La democracia es el único sistema político en el cual el poder se legitima a través de un acto ético: el voto. Cada ciudadano atribuye poder al gobernante. Cada ciudadano es quien decide el país que quiere y el rostro político que le gusta. Es el hombre común quien, presuntamente, marca el camino.
Pero, en democracias como la nuestra, el voto se ha pervertido hasta transformarse en mercancía que se transa en el toma y daca en torno al cual gira la gobernabilidad. El voto es, a veces, el boleto tramposo que se paga para asistir al gran show de la liquidación de las instituciones.
El voto -es decir, la más alta expresión cívica- se ha transformado en factor de corrupción, en número con significación económica. De ese ideal voto del ciudadano, que confiesa sus frustraciones y esperanzas marcando preferencias y tachando antipatías en la mesa electoral, hemos pasado a aquel voto que se compromete con ofertas imposibles, discursos demagógicos y transacciones hipotéticas que podrían liquidar la economía, la sociedad y el destino de la gente.
Los debates que hemos sufrido, saturados de lugares comunes y empobrecidos por propaganda mentirosa e infinitas simplezas, han confirmado la crisis profunda del sistema electoral, entendido como un show, en que predomina la venta de humo, el afán de lucimiento y la pobreza conceptual.
En semejante escenario, me pregunto, ¿cuál es la función del debate, cuál es el sentido de la entrevista, para qué estos eventos que, antes que ilustrar, confunden?

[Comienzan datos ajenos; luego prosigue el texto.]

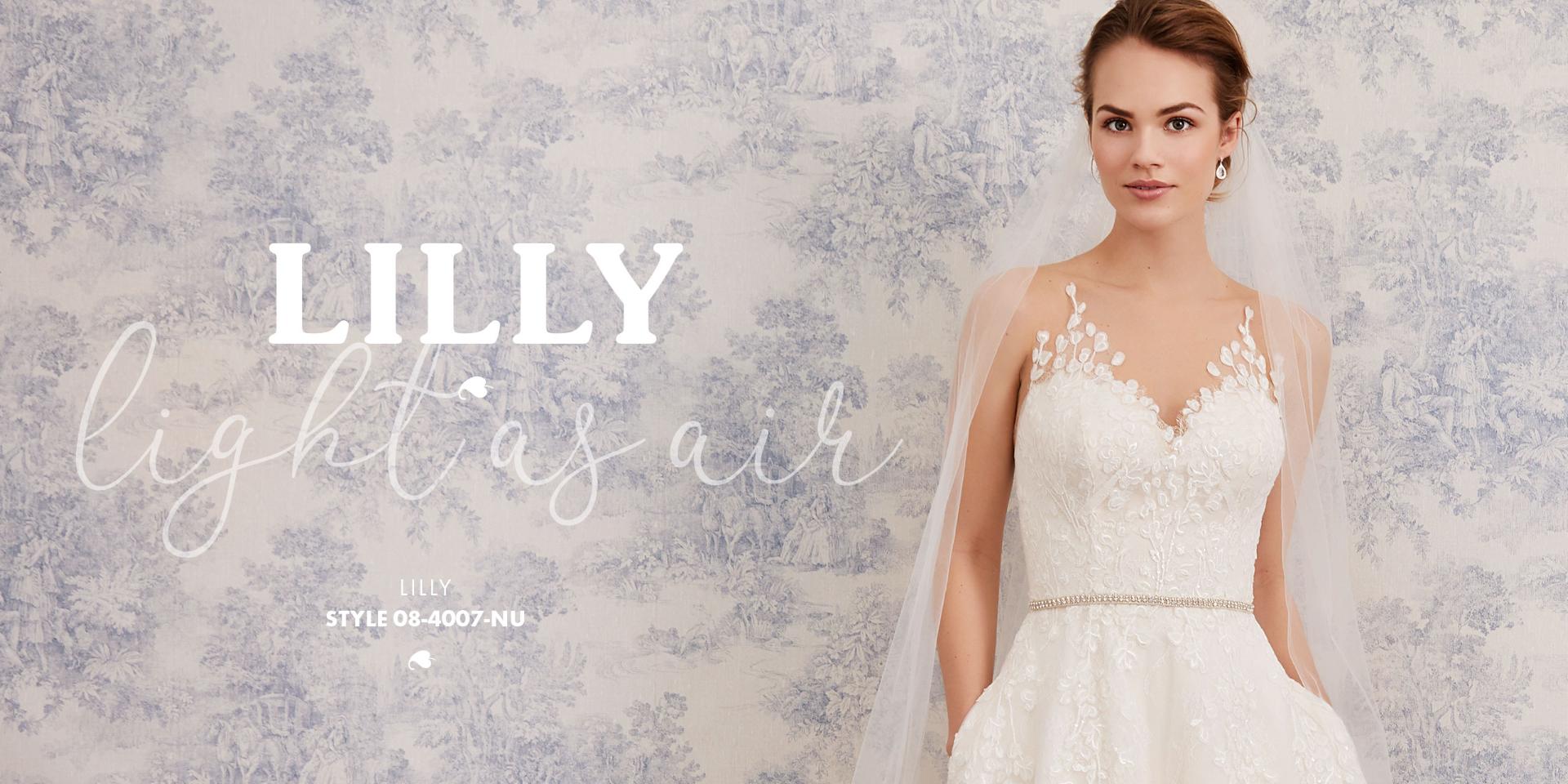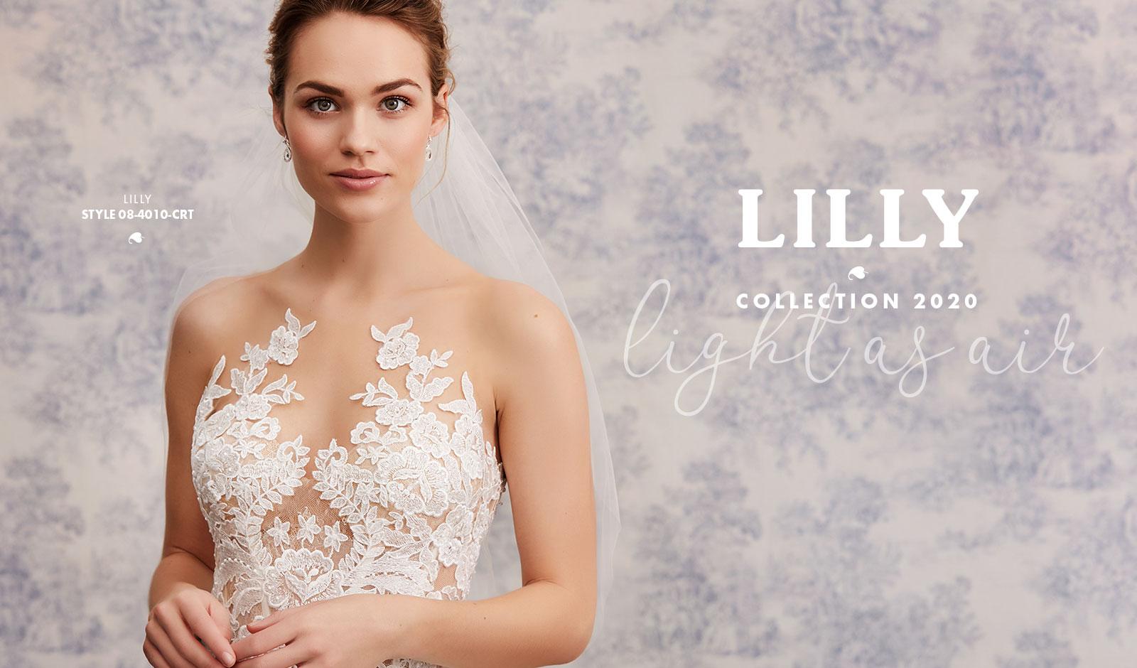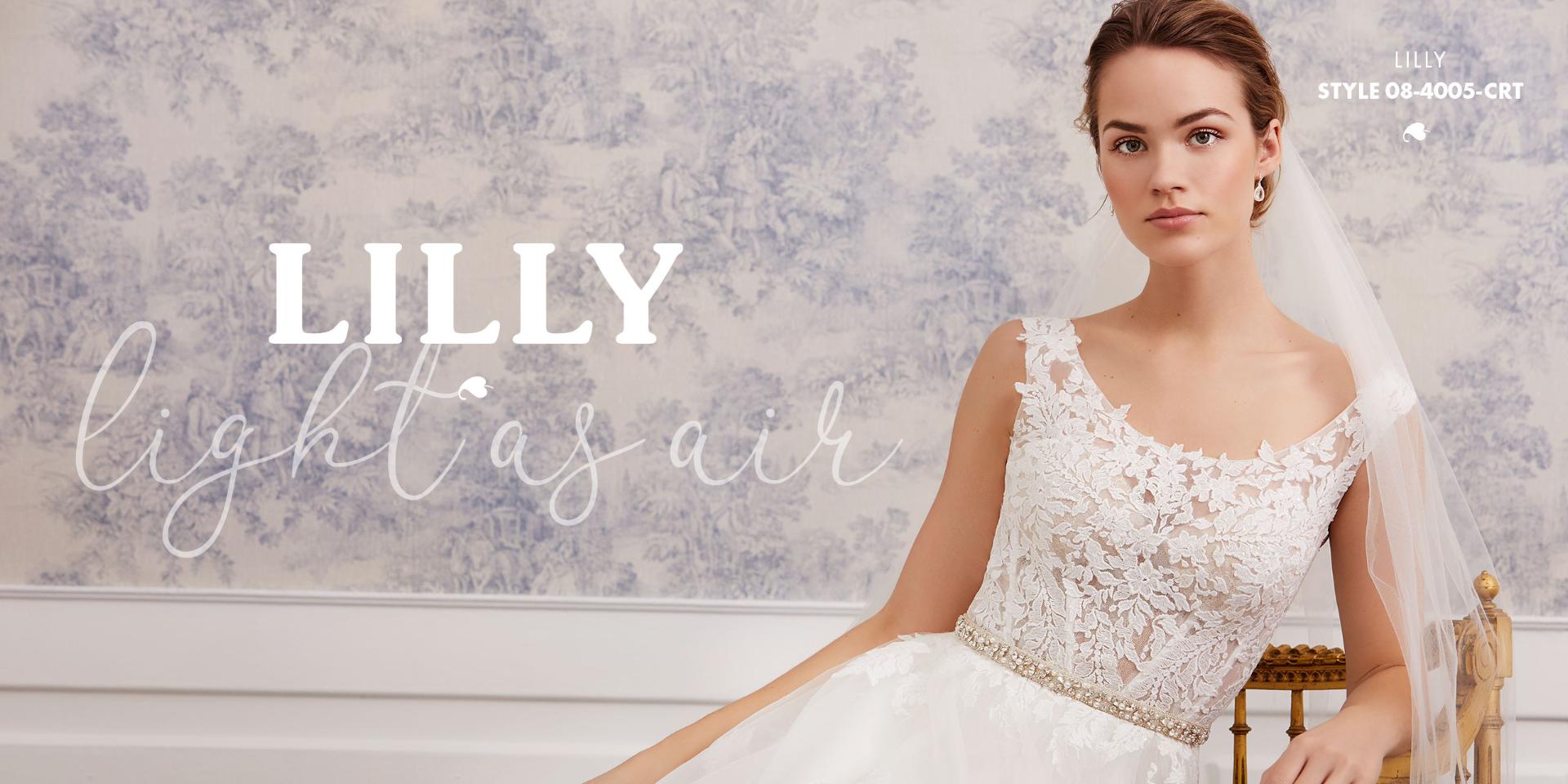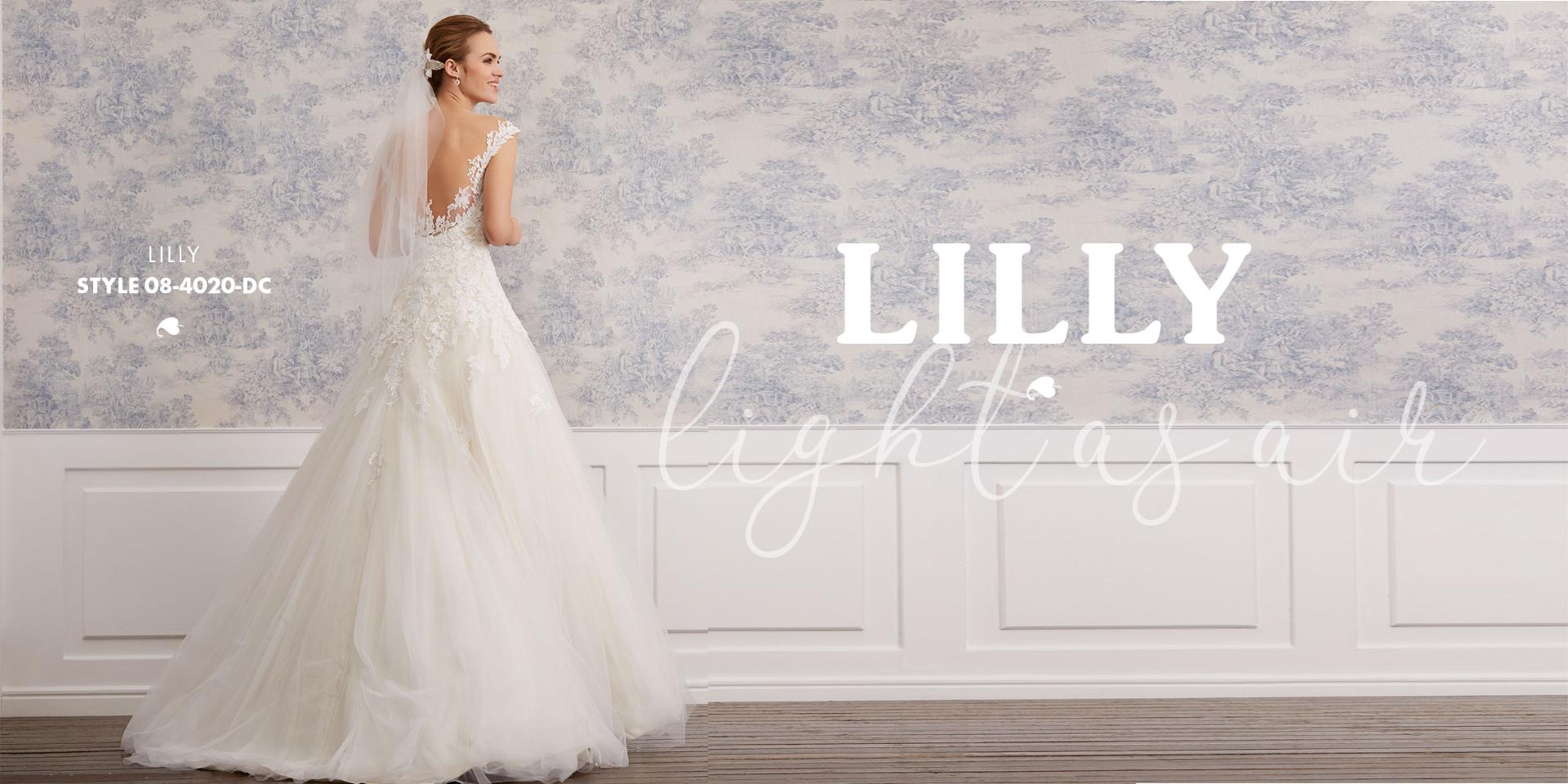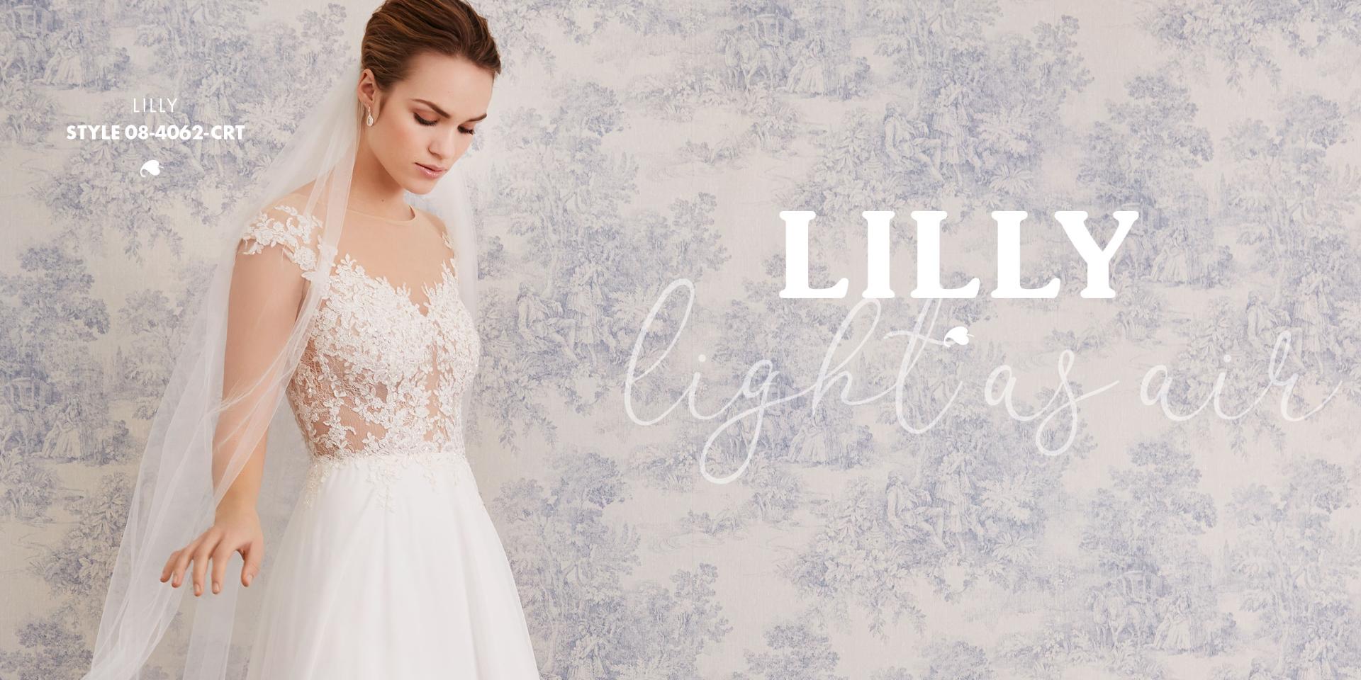 Lette brudekjoler i excellente pasformer, der smyger sig om den feminine silhuet, med vovede detaljer og fine gennemsigtige finésser. De lette materialer svæver blødt om kroppen og farverne er mikset i bløde cremede nuancer, der fremhæver de smukke blonder i moderne antik-look, understreget af glimmer i form af  diskrete perler og pailletter.

Además, los candidatos, al parecer, no han reparado que el evento electoral que se avecina es extraordinario, no por la calidad de los personajes que concursan, ni por la precaria índole de sus discursos, sino por la particularísima circunstancia de que el 7 de febrero los ciudadanos concurrirán a las urnas arriesgando su seguridad personal y quizá la vida, que deberán poner en riesgo a sus familias por la amenaza cierta de contagios masivos.
Esa circunstancia obliga moralmente a los candidatos a ser sinceros. Les obliga a ser veraces. No pueden ignorar que tienen frente a sí un país cuya tragedia sanitaria es ciertamente dramática y que, en semejante coyuntura, millones de hombres y mujeres saldrán de sus casas a exponerse. No pueden los políticos en escena seguir ofreciendo la salvación nacional a sabiendas de las limitaciones que impone el contagio, la incertidumbre, el desempleo, la inseguridad, que son enormes e innegables.
No he escuchado a ningún candidato una confesión de humildad frente a semejante circunstancia. Al contrario, prevalece la soberbia, el cálculo, y el viejo estilo de hacer política, salvo por la mascarilla que en, algunos casos, encubre por ahora la sonrisa que ha sido siempre el gancho para pescar ingenuos.